# $S$-Matrix and Relation to Phase Shifts

Given some potential $$V(x)$$, we can describe the amplitude of incoming and outgoing waves through the scattering matrix $$S$$ whereby $$\begin{pmatrix} B \\ F \end{pmatrix}= \begin{pmatrix} S_{11} & S_{12} \\ S_{21} & S_{22} \end{pmatrix} \begin{pmatrix} A \\ G \end{pmatrix}.$$ I understand that the coefficients of the $$S$$ matrix can give us some information regarding the probabilities of transmission and reflection. I believe however it can also give us some information regarding the phase shift of an incoming and outgoing wave. How may we determine this relationship? Would it be a ratio $$F/A$$ for example, relating the amplitudes of a transmitted incoming wave through a potential?
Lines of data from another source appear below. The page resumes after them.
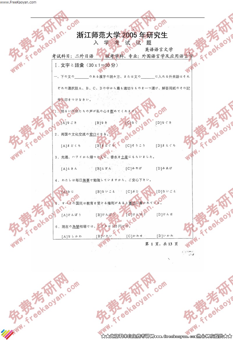 浙江师范大学2005年半岛在线注册真题-二外日语
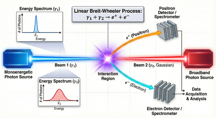 Столкновение двух лучей, запечатленное на схеме, демонстрирует рождение электронно-позитронных пар посредством линейного процесса Брайта-Уиллера, раскрывая фундаментальный механизм превращения энергии в материю.
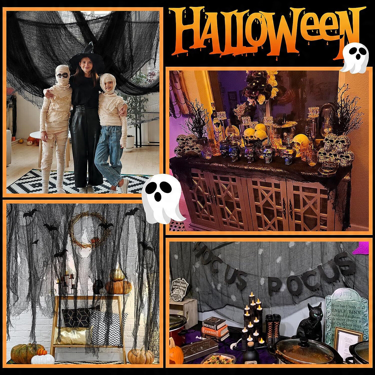 👻👻【Сітка на Хеллоуїн суперрозміру】: чорна марля, довжина 5 м і ширина 2,15 м як прикраса для вечірки на Хеллоуїн.
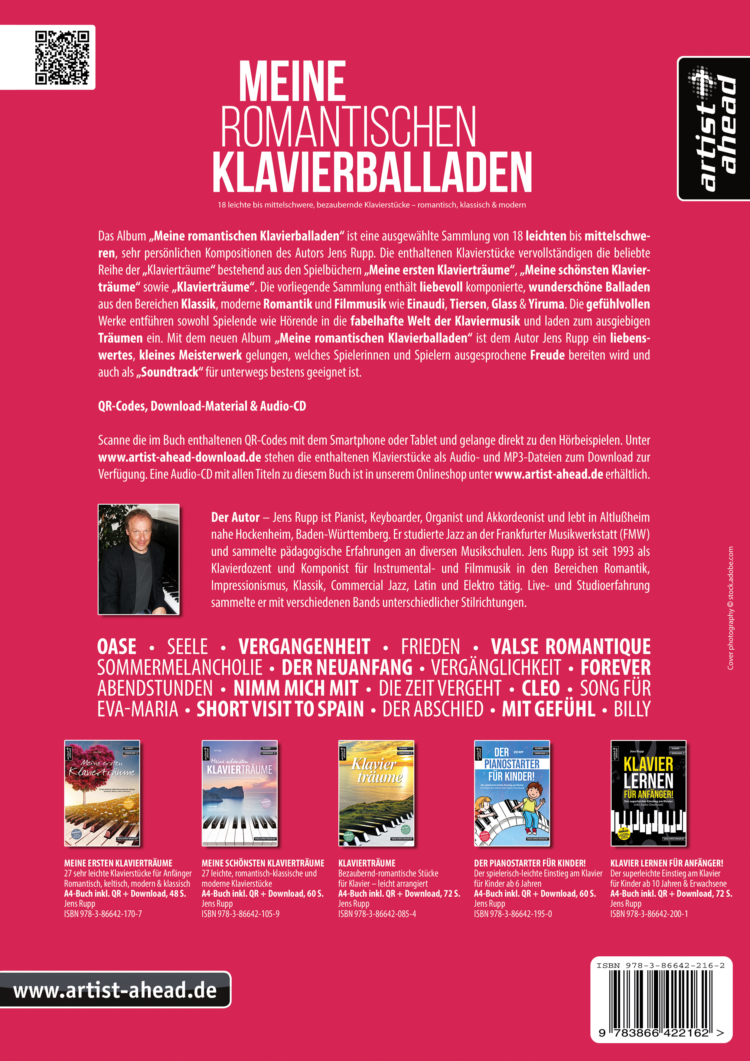 Scanne die im Buch enthaltenen QR-Codes mit dem Smartphone oder Tablet und gelange direkt zu den Hörbeispielen. Unter artist-ahead-download.de stehen Ihnen die Klavierstücke als Audio- und MP3-Dateien zum kostenlosen Download zur Verfügung. Eine Audio-CD mit allen Titeln zu diesem Buch ist in unserem Onlineshop unter artist-ahead.de erhältlich.

Indeed, the asymptotic solutions are assumed to be plane waves: $$Ae^{ikx} + Be^{-ikx} \text{ for } x\rightarrow -\infty,\\ Ge^{-ikx} + Fe^{ikx} \text{ for } x\rightarrow +\infty$$ If we now consider a wave incident from the left, we can have only outgoing solution on the right (but we also have a reflected wave on the left): $$e^{ikx} + S_{11}e^{-ikx} \text{ for } x\rightarrow -\infty,\\ S_{21}e^{ikx} \text{ for } x\rightarrow +\infty,$$ where I set $$A=1$$. Thus, the magnitude of $$F$$ characterizes the transmission probability ($$T=|S_{12}|^2$$), while its phase is the phase shift of the transmitted wave. Similarly $$B$$ characterizes the reflection probability ($$R=|S_{11}|^2$$) and the phase of the reflected wave. Similar analysis can be done for the waves incident from the right.
Note that it is the matrix elements that are important here - the absolute values of $$A,B,F,G$$ depend on the normalization (in scattering problems one often uses normalization by the incident flux, which is conserved, rather than by the probability - which is difficult for extended solutions).